FIGURE 8. Reported and measured native rates of superoxide and H₂O₂ production by mitochondria oxidizing NAD-linked substrates in the absence of electron transport chain inhibitors.

Data from Table 2. (a) 5 mM malate as substrate under phosphorylating conditions. (b) 5 mM malate under non-phosphorylating conditions. (c) 5 mM glutamate + 5 mM malate under phosphorylating conditions. (d) 5 mM glutamate + 5 mM malate under non-phosphorylating conditions. The two left-hand bars in each panel show results for control mitochondria; the two right hand bars show results for CDNB-treated mitochondria. Reported rates from site I_F are in dark grey; those from site III_Qo are in light grey. Black bars represent measured rates. Data are means ± SEM (n = 6). SEM values for reported rates were determined by error propagation; significance was tested using Welch’s t-test, see MATERIALS AND METHODS.

CDNB treatment and calibration

To allow correction for losses of H₂O₂ caused by peroxidase activity in the matrix, mitochondria were treated where stated with 1-chloro-2,4-dinitrobenzene (CDNB) to deplete glutathione and decrease glutathione peroxidase and peroxiredoxin activity [26]. In a previous publication [26], we performed the appropriate controls in skeletal muscle mitochondria to show that this protocol does not damage respiratory chain components and introduce artifactual H₂O₂ production, nor does it have measurable effects on the redox state of the NAD(P)H pool. Mitochondria (5 mg protein·ml⁻¹) were treated with 35 μM CDNB or ethanol control in CP1 medium for 5 min at room temperature, mixed with an equal volume of ice-cold CP1 and centrifuged for 5 min at 15 000 g (at 2–4 °C). The pellet was washed twice in ice-cold CP1 and resuspended to approximately 30 mg protein·ml⁻¹.
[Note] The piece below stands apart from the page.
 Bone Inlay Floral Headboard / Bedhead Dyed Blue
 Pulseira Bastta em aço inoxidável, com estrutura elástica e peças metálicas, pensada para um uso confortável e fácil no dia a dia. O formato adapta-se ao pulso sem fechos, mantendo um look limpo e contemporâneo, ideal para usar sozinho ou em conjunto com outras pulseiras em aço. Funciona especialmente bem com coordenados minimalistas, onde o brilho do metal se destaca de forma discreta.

The CDNB correction curve (Fig. 1) was determined as described [26], but with improved accuracy at low H₂O₂ production rates. The previous correction curve [26] utilized rates from 0.25–1.5 nmol H₂O₂ • min⁻¹ • mg protein⁻¹ in a medium lacking phosphate and magnesium. We generated a new CDNB-correction curve in the current medium, at rates below 0.1 nmol H₂O₂ • min⁻¹ • mg protein⁻¹, by titrating malate into CDNB and ethanol-control treated mitochondria. The rates of H₂O₂ production were measured after the addition of 4 μM rotenone and assumed to be purely matrix-directed. The empirically-derived hyperbolic equation that described this relationship was:

$$v_{\mathit{CDNB}}=v_{\mathit{control}}+(100\ast v_{\mathit{control}})/(72.6+v_{\mathit{control}})$$ (Eq. 1)

FIGURE 1. Comparison of rates of superoxide production (measured as H₂O₂ production) by site I_F in CDNB-pretreated and control mitochondria.
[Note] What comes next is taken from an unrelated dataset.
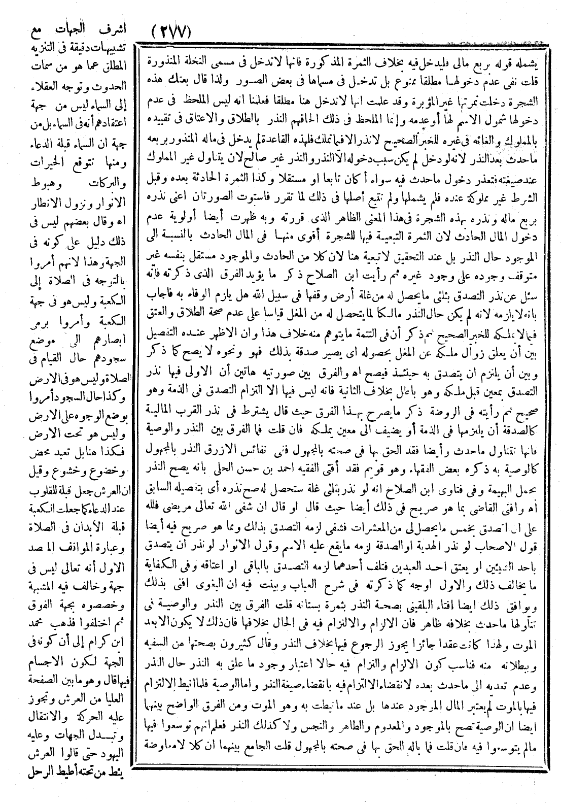 وَالْفَرْقُ بَيْنَ صُورَتَيْهِ هَاتَيْنِ أَنَّ الْأُولَى فِيهَا نَذْرُ التَّصَدُّقِ بِمُعَيَّنٍ قَبْلَ مِلْكِهِ وَهُوَ بَاطِلٌ بِخِلَافِ الثَّانِيَةِ فَإِنَّهُ لَيْسَ فِيهَا إلَّا الْتِزَامُ التَّصَدُّقُ فِي الذِّمَّةِ وَهُوَ صَحِيحٌ ثُمَّ رَأَيْته فِي الرَّوْضَةِ ذَكَرَ مَا يُصَرِّحُ بِهَذَا الْفَرْقِ حَيْثُ قَالَ يُشْتَرَطُ فِي نَذْرِ الْقُرْبِ الْمَالِيَّةُ كَالصَّدَقَةِ أَنْ يَلْتَزِمَهَا فِي الذِّمَّةِ أَوْ يُضِيفَ إلَى مُعَيَّنٍ يَمْلِكُهُ فَإِنْ قُلْت فَمَا الْفَرْقُ بَيْنَ النَّذْرِ وَالْوَصِيَّةِ فَإِنَّهَا تَتَنَاوَلُ مَا حَدَثَ وَأَيْضًا فَقَدْ أَلْحَقَ بِهَا فِي صِحَّتِهِ بِالْمَجْهُولِ فَفِي نَفَائِسِ الْأَزْرَقِ النَّذْرُ بِالْمَجْهُولِ كَالْوَصِيَّةِ بِهِ ذَكَرَهُ بَعْضُ الْفُقَهَاءِ وَهُوَ قَوِيمٌ فَقَدْ أَفْتَى الْفَقِيهُ أَحْمَدُ بْنُ حَسَنٍ الْحِلِّيُّ بِأَنَّهُ يَصِحُّ النَّذْرُ بِحِمْلِ الْبَهِيمَةِ وَفِي فَتَاوَى ابْنِ الصَّلَاحِ أَنَّهُ لَوْ نَذَرَ بِثُلُثَيْ غَلَّةٍ سَتَحْصُلُ لَهُ صَحَّ نَذْرُهُ أَيْ بِتَفْصِيلِهِ السَّابِقِ. اهـ. وَأَفْتَى الْقَاضِي بِمَا هُوَ صَرِيحٌ فِي ذَلِكَ أَيْضًا حَيْثُ قَالَ لَوْ قَالَ إنْ شَفَى اللَّهُ تَعَالَى مَرِيضِي فَلِلَّهِ عَلَيَّ أَنْ أَتَصَدَّقَ بِخُمُسِ مَا يَحْصُلُ لِي مِنْ الْمُعَشَّرَاتِ فَشُفِيَ لَزِمَهُ التَّصَدُّقُ بِذَلِكَ وَمِمَّا هُوَ صَرِيحٌ فِيهِ أَيْضًا قَوْلُ الْأَصْحَابِ لَهُ نَذْرُ الْهَدِيَّةِ أَوْ الصَّدَقَةِ لَزِمَهُ مَا يَقَعُ عَلَيْهِ الِاسْمُ وَقَوْلُ الْأَنْوَارِ لَوْ نَذَرَ أَنْ يَتَصَدَّقَ بِأَحَدِ الشَّيْئَيْنِ أَوْ يُعْتِقَ أَحَدَ الْعَبْدَيْنِ فَتَلِفَ أَحَدُهُمَا لَزِمَهُ التَّصَدُّقُ بِالْبَاقِي أَوْ إعْتَاقُهُ وَفِي الْكِفَايَةِ مَا يُخَالِفُ ذَلِكَ وَالْأَوَّلُ أَوْجَهُ كَمَا ذَكَرْته فِي شَرْحِ الْعُبَابِ وَبَيَّنْت فِيهِ أَنَّ الْبَغَوِيَّ أَفْتَى بِذَلِكَ وَيُوَافِقُ ذَلِكَ أَيْضًا إفْتَاءُ الْبُلْقِينِيُّ بِصِحَّةِ النَّذْرِ بِثَمَرَةِ بُسْتَانِهِ قُلْت الْفَرْقُ بَيْنَ النَّذْرِ وَالْوَصِيَّةِ فِي تَنَاوُلِهَا مَا حَدَثَ بِخِلَافِهِ ظَاهِرٌ فَإِنَّ الْإِلْزَامَ وَالِالْتِزَامَ فِيهِ فِي الْحَالِ بِخِلَافِهَا فَإِنَّ ذَلِكَ لَا يَكُونُ إلَّا بَعْدَ الْمَوْتِ وَلِهَذَا كَانَتْ عَقْدًا جَائِزًا يَجُوزُ الرُّجُوعُ فِيهَا بِخِلَافِ النَّذْرِ وَقَالَ كَثِيرُونَ بِصِحَّتِهَا مِنْ السَّفِيهِ وَبِبُطْلَانِهِ مِنْهُ فَنَاسَبَ كَوْنَ الْإِلْزَامِ وَالِالْتِزَامِ فِيهِ حَالًّا اعْتِبَارُ وُجُودِ مَا عَلَّقَ النَّذْرَ بِهِ حَالَ النَّذْرِ وَعَدَمِ تَعَدِّيهِ إلَى مَا حَدَثَ بَعْدَهُ لِانْقِضَاءِ الِالْتِزَامِ فِيهِ بِانْقِضَاءِ صِيغَةِ النَّذْرِ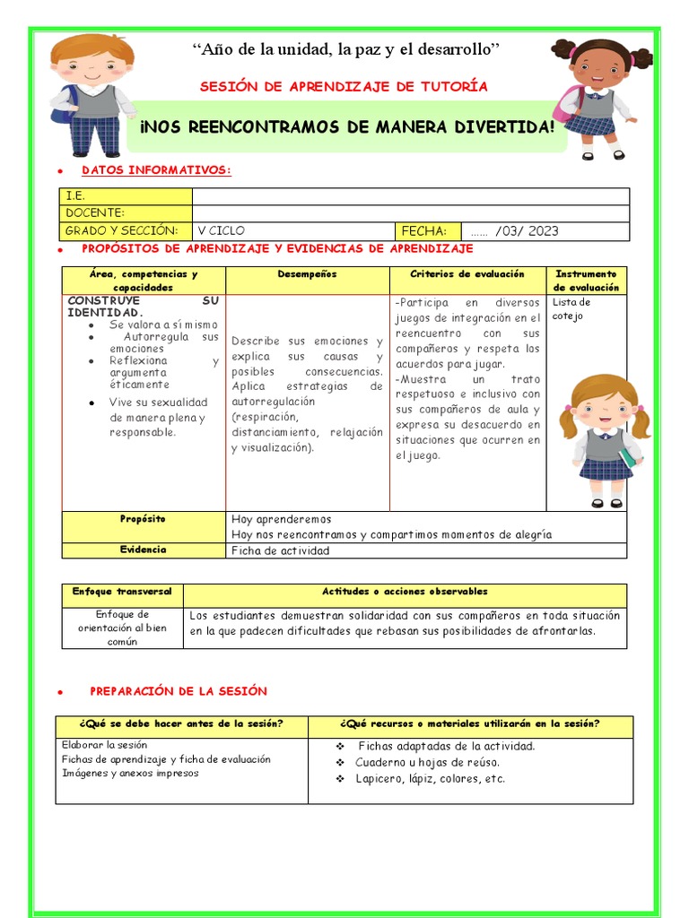 SESIÓN DE APRENDIZAJE DE TUTORÍA

Site I_F was titrated by adding malate from 0.01 mM to 5 mM in separate runs followed by addition of rotenone. Points were fitted to give the parameter values in Eq. 1 (inset). The dashed line indicates a 1:1 relationship. Values are means ± SEM (n = 5).
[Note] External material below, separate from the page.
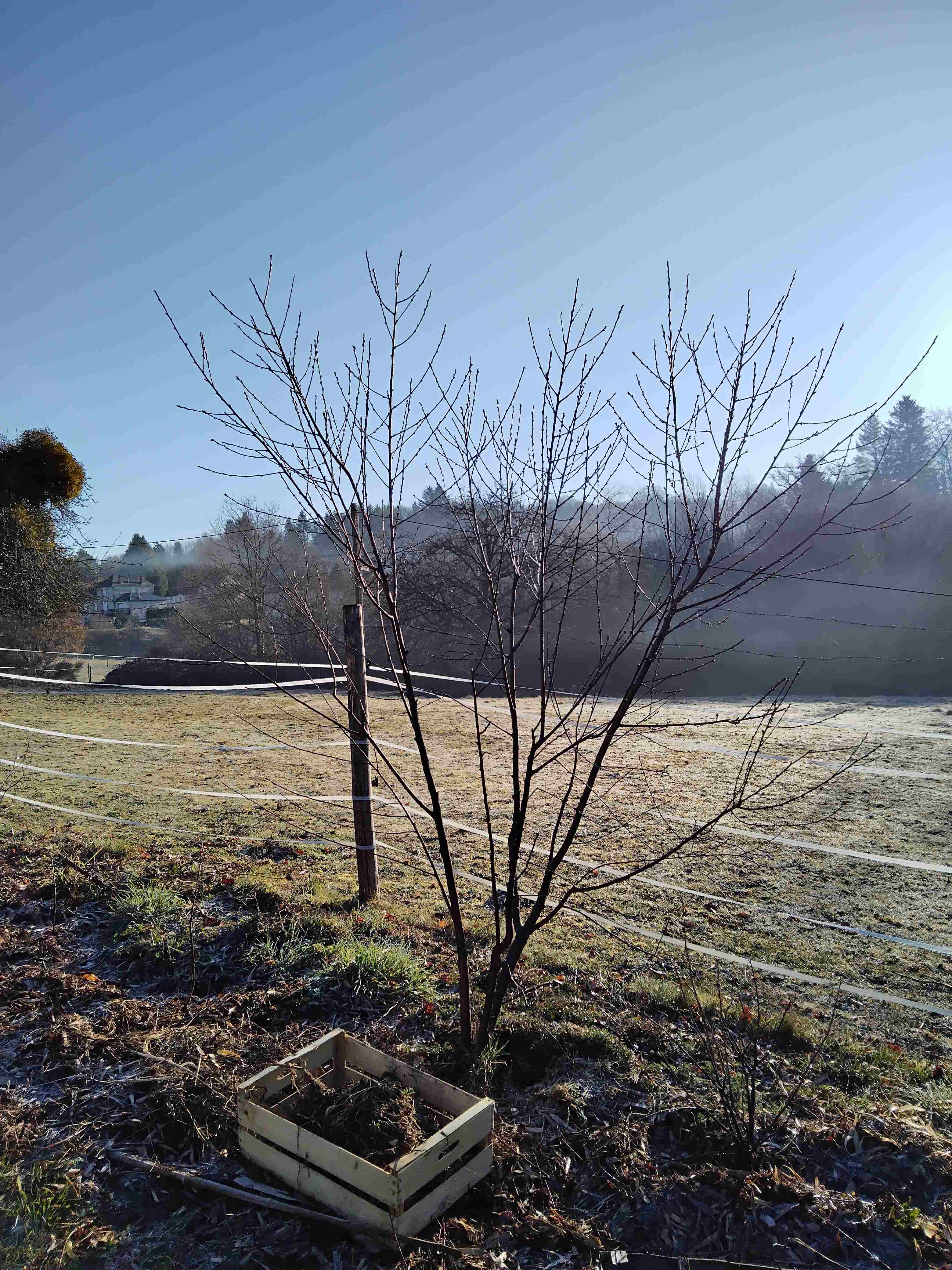 Ce sont des pêches de vigne / noyaux, plantées en haie autour du potager.

(rates in pmol H₂O₂ • min⁻¹ • mg protein⁻¹). We emphasize that this relationship should be empirically determined for any new experimental condition and within the relevant data range.

Curve fitting

The control data for the I_F calibration curve (Fig. 5c) were fitted by non-linear regression to a single exponential, to give the parameter values in Eq. 2:

$$v_{H_2{O}_2(\%\mathit{NAD}(P)H)}=0.29\ast e^{(0.054\ast \%\mathit{NAD}(P)H)}+11.2$$ (Eq. 2)

where v_H2O2 is the rate of H₂O₂ production.

FIGURE 5. Relationship between the rate of superoxide production by site I_F and the reduction state of NAD(P)H.

(a) Dependence of the rate of H₂O₂ production on malate concentration after addition of 4 μM rotenone. (b) Dependence of %NAD(P)H reduction on malate concentration after addition of rotenone (100% reduction was subsequently established by addition of 5 mM malate). (c) Final calibration of the relationship between the rate of superoxide production from site I_F and NAD(P)H reduction state, obtained by combining panels (a) and (b). Filled symbols: control mitochondria; open symbols: CDNB-treated mitochondria (underlying data for CDNB-treated mitochondria is not shown). Where not visible, error bars are contained within the points. Lines show exponential relationships (for simplicity), fitted by non-linear regression to give the parameter values in Eq. 2. See MATERIALS AND METHODS. Data are means ± SEM (n = 6).

The control data for the III_Qo calibration curve (Fig. 7c) were fitted in the same way to give the parameter values in Eq. 3.

FIGURE 7. Relationship between the rate of superoxide production by site III_Qo and the reduction state of cytochrome b₅₆₆.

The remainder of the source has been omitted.